Oral oseltamivir was generally well-tolerated in these studies. Both GS4071 and zanamivir are selective inhibitors of influenza neuraminidase at low-nanomolar concentrations and show negligible activity against neuraminidases from human, bacterial, or other viral sources at concentrations up to 1 mmol/L.^14,15 In initial human testing, oral oseltamivir given while fasting was tolerated at single doses up to 1000 mg or repeated doses up to 500 mg twice daily for 7 days (total of 13 doses).²¹ The highest doses, particularly repeated doses of 500 mg, were associated with nausea of mild to moderate intensity. In the current studies, transient nausea after dosing was observed mainly at the highest (200 mg) dose and was largely prevented by administering doses with food. The early timing of onset and the finding that ingestion with food largely prevented this adverse effect suggest that it might be due to direct gastric irritation, although further studies of the mechanism are needed. Of note, administration after food is associated with a modest increase in GS4071 bioavailability.²¹ These observations suggest that this formulation of oseltamivir should be administered with food when possible to reduce the risk of gastrointestinal tract upset.

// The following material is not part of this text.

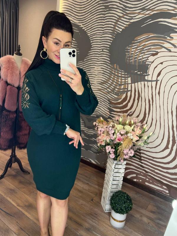 дивовижно красиве, тепле і затишне плаття прямого силуету з високим горлом, на гумці внизу і рукавах, зігріє вас в холодну пору року і буде мати чудовий вигляд на роботі, вечірці і в повсякденному житті, воно виконане з трикотажу машинного в'язання, приємного на дотик, високої якості декорованого яскравою ефектною аплікацією із сітки і пришитих страз розмір оверсайз 42-46 довжина 96-98 см, пг 46-48 см добре тягнеться, довжина рукава від шиї 66-68 см код 0496

We did not observe clear dose-related differences in antiviral effects in the treatment or prophylaxis studies. Although once daily dosing may have been associated with less pronounced antiviral effects, our sample sizes were insufficient to make firm conclusions. With respect to prophylaxis, an antiviral dose that allows for a subclinical but immunizing infection would be optimal. Under similar conditions, intranasal zanamivir prophylaxis completely protected against experimental infection in most subjects, so that protective serologic responses were not observed.² With oseltamivir prophylaxis, both once and twice daily administration protected against viral shedding but allowed some subjects to develop antibodies. Whether lower doses might be protective against illness but allow immune responses remains to be determined. Of note, the findings in these studies guided dose selection for subsequent field trials. The initial results from these studies indicate that once daily dosing (75 mg) is safe and effective for long-term prophylaxis ³⁷ and twice daily dosing (75 mg) for short-term treatment of natural influenza in adults.^38,39

In summary, the present studies showed oseltamivir to be an effective antiviral agent when administered orally for prevention and treatment of experimental influenza A infections. This agent is a promising new drug for the management of natural influenza.